Hızla gelişen, değişen, yenilenen dünya üzerinde, mahallelerin bundan etkilenmemesi düşünülemez. İnsan değişiyorsa mahalle de değişiyor demektir. Ancak insanlar değerleriyle, kökten gelen inanışlarıyla, kültürleriyle var olarak ayakta kalırlar. Bir milleti ayakta tutan, mânevî dinamikleridir. Bu değişmeyen kuraldır. Bu kuralı yıkmak, aileyi yıkmaktır; dolayısıyla insanı ve mahalleyi yıkmaktır. Mahalleyi yıkmaksa ülkeyi yıkmaktır. Üzerimizde yapılan tahribatların hiçbirini küçük görmemek gerekir. O küçükler zaman içinde büyüyor ve önü alınamaz bir hâle gelebiliyor.

Unutulmasın ki mahalleler şekil ve fizîkî görüntü olarak eskiye nisbetle değişse de öz itibarıyla onların güçlü; birleştirici, bütünleştirici, inşâ edici yönleri vardır. Değerlerin yaşandığı mahalleler, bugün geçerli olan mahalle anlayışını ortaya koyar. Evet, eski mahalleler bugün yoktur ama bahsedilen bütün bu hususlar bugün için de geçerlidir.

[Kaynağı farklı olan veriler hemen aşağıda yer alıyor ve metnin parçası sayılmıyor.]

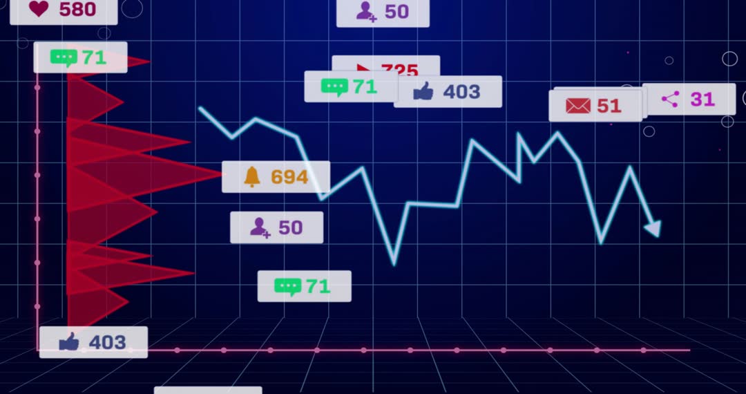 Showing neon analytics dashboard with cyan line trace moving right across 3D grid while floating badges updating to display likes, comments, followers, messages, notifications. Visualizing social media engagement and real-time performance metrics with holographic UI elements and pulsing highlights. Featuring red volume histogram on vertical axis, pink timeline markers, and dynamic pop-up counters for quick metric recognition. Serving as intro clip for analytics platform, background visual for dashboard walkthrough, overlay for social campaign report, or visual element for product launch and investor pitch. Allowing brand color customization, text overlay, and timed edits for use in marketing videos, explainer content, UI demos, and tech presentations.

Her mahallenin kendine has dili, dînî inanışı, belirli zihnî birikimi vardır. Bu husus, orada yaşayan insanların toplam görüntüsünü verir. Günümüzdeki mahalleler de orada yaşayanların ortaya koyduklarını yansıtır. Bugünkü mahalleler eski mahalleler değildir ama toplu değerlerin yaşandığı mekânlardır. Eğer bu sağlanabilirse ne âlâ! Şimdiki mahallelerde; eski özlenen durumların aynıları olmasa bile, devam ettirebilmek yine de bize bağlı. Yeter ki biz değerlerimizden kopmayalım ve onları hayatımıza hâkim kılalım, ümitsiz olmayalım vesselâm.